= INFORMATION SUPPLIED =
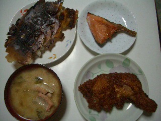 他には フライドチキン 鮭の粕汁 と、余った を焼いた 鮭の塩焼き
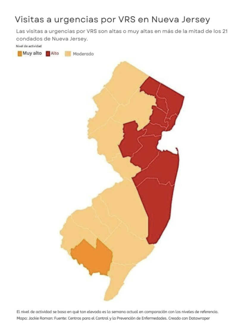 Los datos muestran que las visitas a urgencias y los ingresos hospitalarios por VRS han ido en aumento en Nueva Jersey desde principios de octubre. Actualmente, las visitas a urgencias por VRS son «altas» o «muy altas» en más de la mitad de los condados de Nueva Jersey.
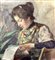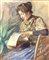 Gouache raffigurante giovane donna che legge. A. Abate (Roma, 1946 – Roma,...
---
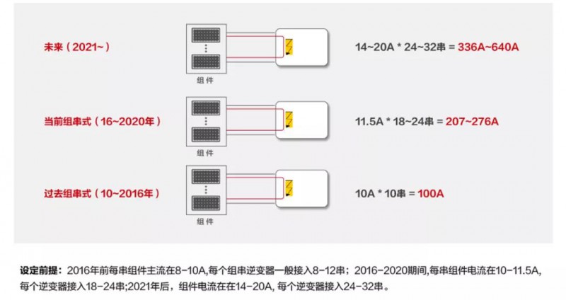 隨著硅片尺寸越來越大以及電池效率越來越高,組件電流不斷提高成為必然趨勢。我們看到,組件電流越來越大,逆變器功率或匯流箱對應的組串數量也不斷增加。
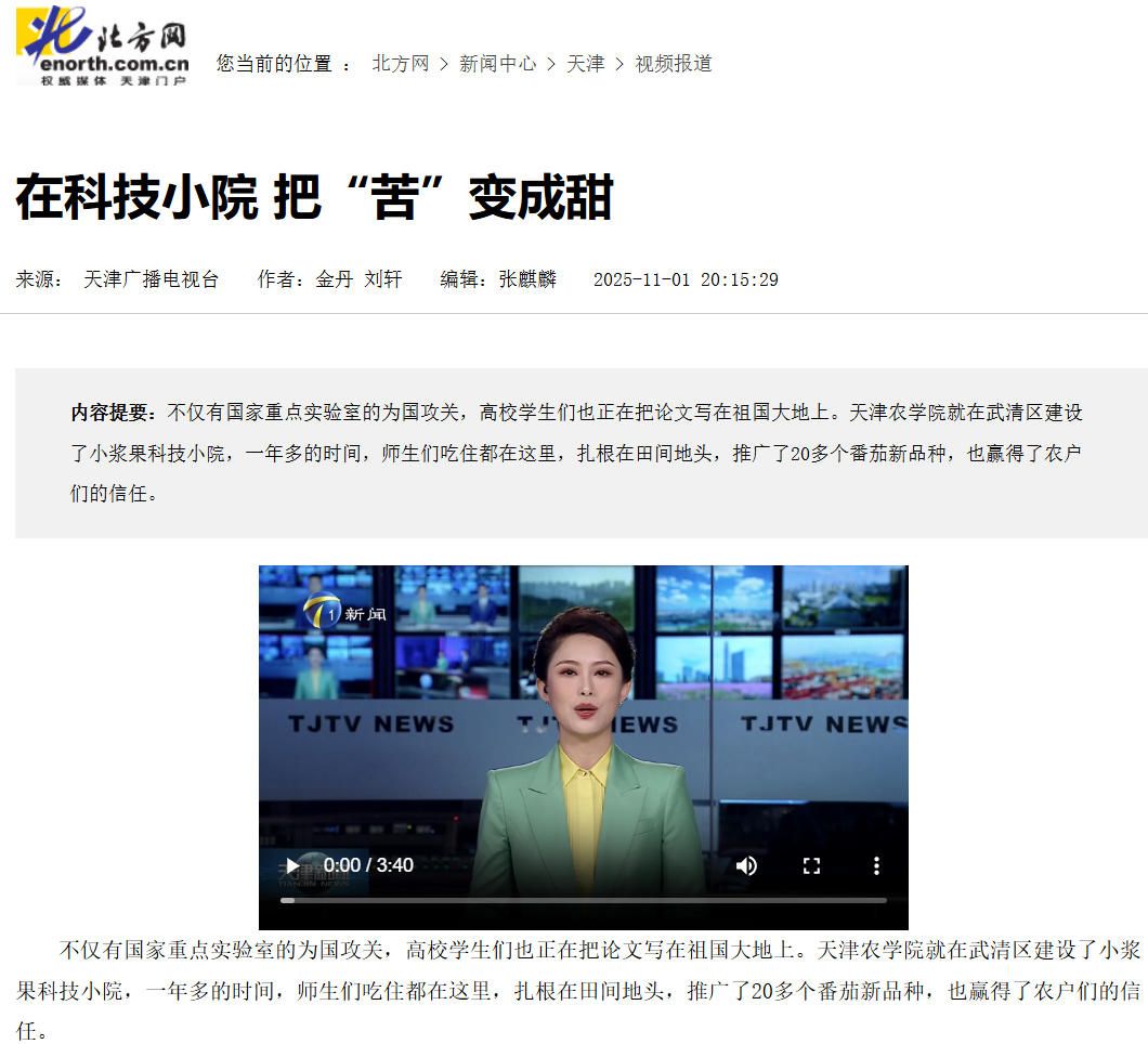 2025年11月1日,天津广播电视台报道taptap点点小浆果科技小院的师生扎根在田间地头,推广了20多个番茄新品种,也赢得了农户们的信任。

= PROBLEM REQUIREMENTS =
Among the entries above, take the lines from the one with "他には フライドチキン 鮭の粕汁 と、余った を焼いた 鮭の塩焼き" through the one with "Gouache raffigurante giovane" and retype them exactly, leaving out the pictures.

= FINISHED EXERCISE =
 他には フライドチキン 鮭の粕汁 と、余った を焼いた 鮭の塩焼き
 Los datos muestran que las visitas a urgencias y los ingresos hospitalarios por VRS han ido en aumento en Nueva Jersey desde principios de octubre. Actualmente, las visitas a urgencias por VRS son «altas» o «muy altas» en más de la mitad de los condados de Nueva Jersey.
 Gouache raffigurante giovane donna che legge. A. Abate (Roma, 1946 – Roma,...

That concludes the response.